The Ugrians are the oldest occupants of the government of Kasan, the Turks the most numerous.

Of the same date with those of the Crimea, they represent the Mongol conquerors of the thirteenth century. Mixed in blood, Mahometan in creed, the Tartars of Kasan are “of middle stature and muscular, but not fat. Their heads are of an oval shape; their countenances of fresh complexion, and fine regular features; their eyes, mostly black, are small and lively; their noses arched and thin as well as their lips. Their hair is generally dark, and their teeth strong; their gesture full of dignity and grace. The same remarks apply to the females, but the expression of their countenances is lost through their manner of life, and the natural attractiveness of their persons is lessened by ornament and paint.”[16]

Their civilization is on a level with that of the Osmanli.

The Turk area extends eastwards, the Ugrian is continued north and north-west. The Udmart, or Udy of the river Viatka, are the Votiaks of the Russians and the Ari of the Turks, imperfect Christians, agriculturalists rather than nomades, and with more red-haired individuals amongst them than any other population. Eminently unmixed, they live not only in separate houses but in separate villages.

The Uralian range itself is the occupancy of the Vogul, and here the type changes. The flatness of feature increases; the stature diminishes; the habits are ruder. Hunting is the chief means of subsistence. Both in this respect and in language, the affinities of the Voguls are, with the Asiatic rather than the European Ugrians—the Ostiaks rather than the Permians.

The Votiaks, on the other hand, lead through the Permians and Siranians to the Finlanders. The former of these give their name to the government of Perm, the Biarmaland of the old Norse Sagas. They are now nearly Russianized; but tumuli, Arabic coins, an ancient alphabet, and an early Christianity, attest their capacity for civilization. The Siranians of the government of Vologda are closely allied to the Permians, and not very far removed from the Kwains.

Two other populations require notice. The Bashkirs of Orenburg deeply indent the southern part of Perm. Imperfect Mahometans, they speak Turkish, but depart widely in their physiognomy from the Turks of Kasan; so much so that Klaproth and others consider them to be Ugrians who have changed their language. They are, more probably, Ugrian on the mother’s side only, the Turks having intruded. During summer they wander either to hunt or to tend their herds and flocks; in winter they unwillingly fix themselves to some locality under the covert of a forest, and reside in houses. The Metsheriak, the Teptiar, and some other tribes, are Turks belonging to the same group. They belong, however, to Orenburg and Siberia rather than to European Russia.

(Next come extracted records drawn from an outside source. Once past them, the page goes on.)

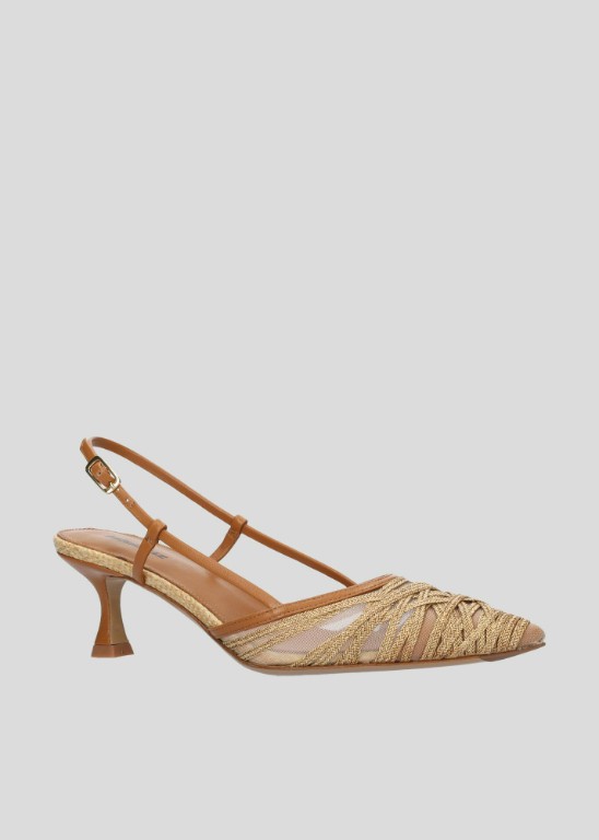 Stylish and versitile little cute shoe with pointed toe, kitten heel and sling back.
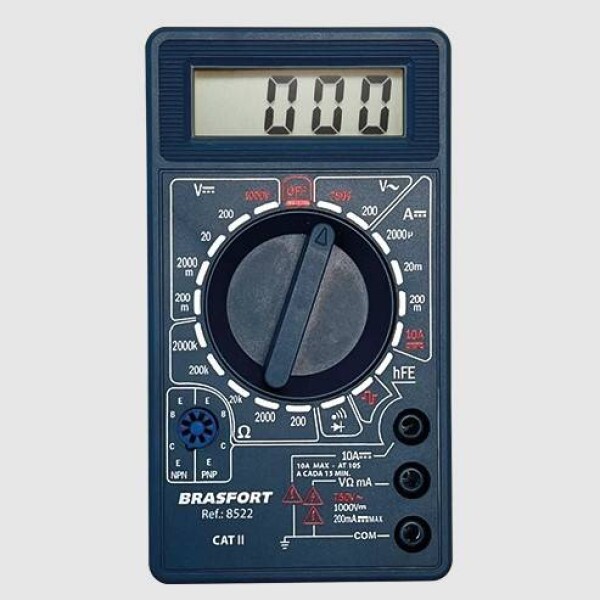 MULTIMETRO DIGITAL BRASFORT DT-830 COM SINAL SONORO DE CONTINUIDADE ''BIP'' - 8522 Avaliação: SKU.: 5721 MULTIMETRO DIGITAL BRASFORT DT-830 COM SINAL SONORO DE CONTINUIDADE ''BIP'' - 8522 is available for purchase in increments of 1 Faça Login ou Cadastre-se para comprar Descubra mais sobre Medição de corrente contínua, tensão alternada e contínua, resistência elétrica, polarização de transistor e teste de continuidade. Carcaça em PVC na cor amarela, visor de cristal líquido, lente de acrílico e placa integrada de circuito impresso com diversos componentes. Informações Técnicas: Funções: Tensão contínua, tensão alternada, corrente contínua, teste de diodos, teste de transistores, resistência, sinal Sonoro de continuidade ESCALAS DE MEDIÇÃO POR GRANDEZA: Tensão Contínua(DCV): 200mV,2000mV,20V,200V e 1000V Tensão Alternada(ACV): 200V e 750V Corrente Contínua(DCA): 2000 uA, 20mA, 200mA e 10A Resistência(ohm): 200ohm, 2000ohm, 20kohm, 200kohm e 2000kohm Transistores(hFe): NPN e PNP Diodos: P/N Características Código Identificador (SKU) 5721 Garantia do Fabricante 12 meses Modelo DT-830 Marca BRASFORT EAN 7898094335220 Origem do Produto Estrangeira Mercado Interno - Adquirida no mercado interno
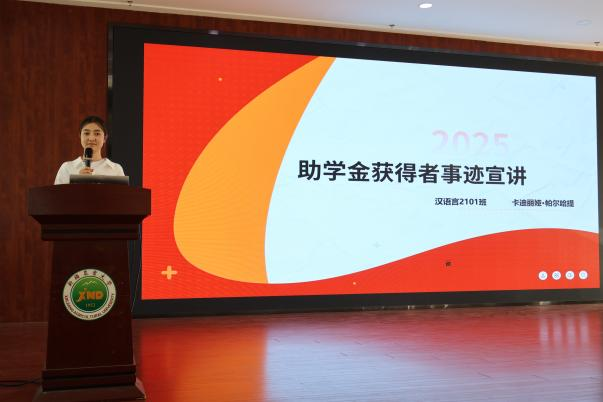 在经验分享环节,4位大四学生结合自身经历进行精彩演讲。自治区励志奖学金获得者、推免保研成功的朱帕尔同学强调大学学习的重要性,并分享其在艺术团的实践经历,建议学弟学妹通过参与活动提升综合素质,同时寻找学习伙伴共同进步。阿克依旦同学讲述自己大三逆袭获得国家奖学金的励志故事,通过"锁住手机""强制听课"等方法重塑学习状态,生动展现与意志力斗争的过程。许嘉琪同学则分享其保持专业课程90分以上的学习秘诀,以及在支教活动中收获的成长经历。卡迪丽娅同学以助学金获得者的身份,鼓励大家心怀感恩、奋发学习,并分享其保研至西北民族大学的心路历程。
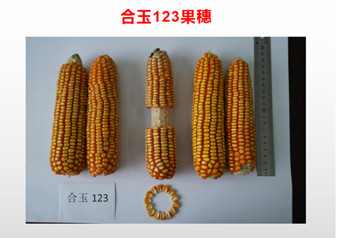 特征特性:普通玉米品種。在適應區(qū)出苗至成熟生育日數(shù)為115天左右,需活動積溫≧10℃活動積溫2400℃。幼苗生長勢強,該品種幼苗期第一葉鞘綠色,葉片綠色,株高285厘米,穗位高83厘米,18片葉。穗長19.5厘米,穗粗4.9厘米,每穗14~16行,每行37粒。白軸黃粒,籽粒中齒型,品質好,百粒重36.5克。植株整齊,株型半收斂。品質分析結果:容重756克/升。粗淀粉73.65%,粗蛋白10.23%,粗脂肪3.78%,賴氨酸0.28%。抗病性接種鑒定結果:中感大斑病,絲黑穗發(fā)病率4.5%。田間平均倒伏、倒折之和0.5%;絲黑穗田間自然發(fā)病株率各點最高發(fā)病3.0%;莖腐病各點最高發(fā)病5.0%;大斑病各點最高發(fā)病5級。
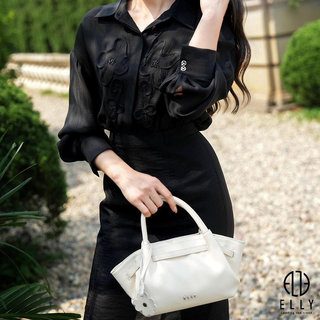 Logo ELLY kim loại nổi bật ở mặt trước cùng chi tiết charm xinh xắn giúp tăng điểm nhấn nữ tính. Túi có thể xách tay hoặc đeo chéo linh hoạt, phù hợp cho cả đi làm và dạo phố.
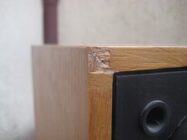Колонки (як ви можете бачити на фото :-). Шпон на одній колонці ззаду порваний. У одного з них відірваний задній кут. Те, що я показав на останніх фотографіях.'
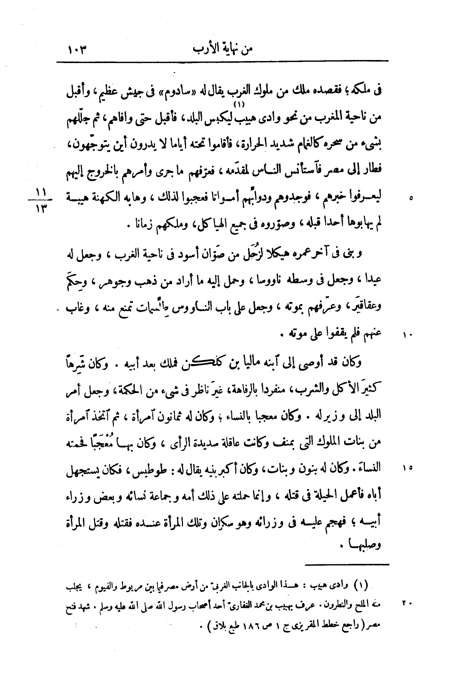 فى ملكه؛ فقصده ملك من ملوك الغرب يقال له «سادوم» فى جيش عظيم، وأقبل من ناحية المغرب من نحو وادى هبيب «1» ليكبس البلد، فأقبل حتى وافاهم، ثم جلّلهم بشىء من سحره كالغمام شديد الحرارة، فأقاموا تحته أياما لا يدرون أين يتوجّهون، فطار إلى مصر فآستأنس الناس لمقدمه، فعرّفهم ما جرى وأمرهم بالخروج إليهم ليعرفوا خبرهم، فوجدوهم ودوابّهم أمواتا فعجبوا لذلك، وهابه الكهنة هيبة لم يهابوها أحدا قبله، وصوّروه فى جميع الهياكل، وملكهم زمانا.

The Ostiaks occupy part of the government of Perm, the part that lies beyond the Uralian range, and which is, consequently, Asiatic. They are hunters and fishers, less in size and more imperfectly Christianized than the Voguls. I believe them to have been the gold-keeping griffins (Gryphes) of Herodotus; though, to do this, the story of their relations to the Arimaspi must be supposed to have arisen in Armenia—no unlikely quarter, considering the probable line of the gold trade. A curious passage in Moses of Chorene tells us that the root Astyag, in the Old Armenian, signifies a dragon: and that Astyages, the Mede, was, in the eyes of an Armenian, Astyages Draco. Now, the locality of the Ostiaks is nearly that of the Uralian gold-mines, while just below them were the Tsheremiss, whose name in the mouths, first of a Skolotian and then of a Greek, might easily become Arimasp. The Greek could not pronounce the tsh; and as numerous Turkish words end in -asp, the -p might have been added on the principle which in English converts asparagus into sparrowgrass.

We have thus been brought round to the Finlanders of Finland.

With the reasons already given for considering the Russian in general to be a population of comparatively recent introduction, with the evidence in favour of the Skoloti having been intrusive Turks; and with the necessity of bringing the Lithuanians as far south as the Asiatic frontier, it is, surely, not too much to assert the doctrine that the original Russia was divided between two populations—one akin to the Permian, one to the Lithuanian. The line which divided them is, perhaps, an insoluble problem. Pskov and Smolensko, at least, may be given to the latter; Vladimir, Kostroma, Yaroslav, Moskow, and Tambov, to the former—Tula, Orlov, Koursk, Riazan, Tshernigov, Kharkhov, and Poltava, being left undistributed.